Today we're visiting London, UK. In previous posts, I've looked at data from Seattle and Chicago. Now we're headed across the pond to see data from the UK. Specifically, the Greater London Authority has a myriad of data available at London Datastore. The datasets are generally covered by the UK Open Government Licence (OGL) but some have specific attributions and licenses requirements. So, lets get this out of the way - the data used in this blog post "Contains public sector information licensed under the Open Government Licence v2.0."
This treasure trove of information invites a lot of visualizations. But where should I begin?
Glad you asked! Turns out there's a catalog of all the data feeds available from the City of London in a handy CSV format. The data set has a really good set of attributes including direct links to datasets, attributions, etc. While there is a search feature on the website, it's somehow not as interactive as I'd like. So let's take a look at how we can sift through London's datasets using Power BI Desktop.

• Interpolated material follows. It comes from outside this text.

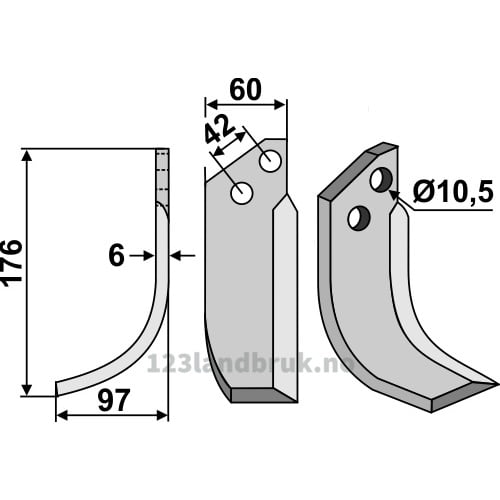 Rotorfreskniv – 176x60x6mm – Venstre – Valpadana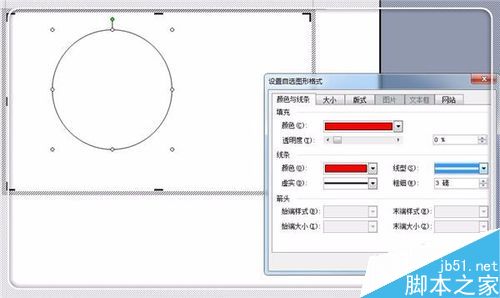 2、在"颜色与线条"标签中,填充颜色选"无填充颜色",线条颜色设为红色,选3磅粗的单线形。

Download: Power BI Desktop if you don't already have it
More data, updated more often
I started by looking just to see how many data sets London publishes and how that has changed over time. Here's a great view that shows London is publishing or updating more data sets today than a year ago. You can see there are 602 datasets we could analyze - a cornucopia of data! You can see that the number of data sets updated in 2015 is already on pace to exceed 2014. So not only is London publishing data, but it's keeping the data updated as the months go by.
Loading the data
Loading the CSV file is very easy in Power BI Desktop. I just clicked Get Data and selected CSV. The basic CSV was loaded correctly with all the data types correctly detected. There were a few things I spotted that I wanted to do to make the data more useful. To start there's a URL field - I want it to be clickable when used in the report so I changed the Data Category for the URL field to "Web URL". Then there's the tag field. Its a single comma separated field and I wanted to see which were the popular tags. To do this, I needed first to isolate each tag value and then ensure I could slice and dice the data feeds based on the tags. Getting there required two additional tables. The first provided the unique tag values. The second related the tags to the IDs. You'll see in the Power BI Desktop file, I created relationships across the detail table and the two new tables to ensure I could filter the values. Importantly, I used the ID column from the IdToTagsMap table in the main table for tags to force the use of the relationships during filtering. You can see why this is needed in the image below, where the IdToTagsMap table is on the 'many' side of the relationships from the Datasets and Tags tables.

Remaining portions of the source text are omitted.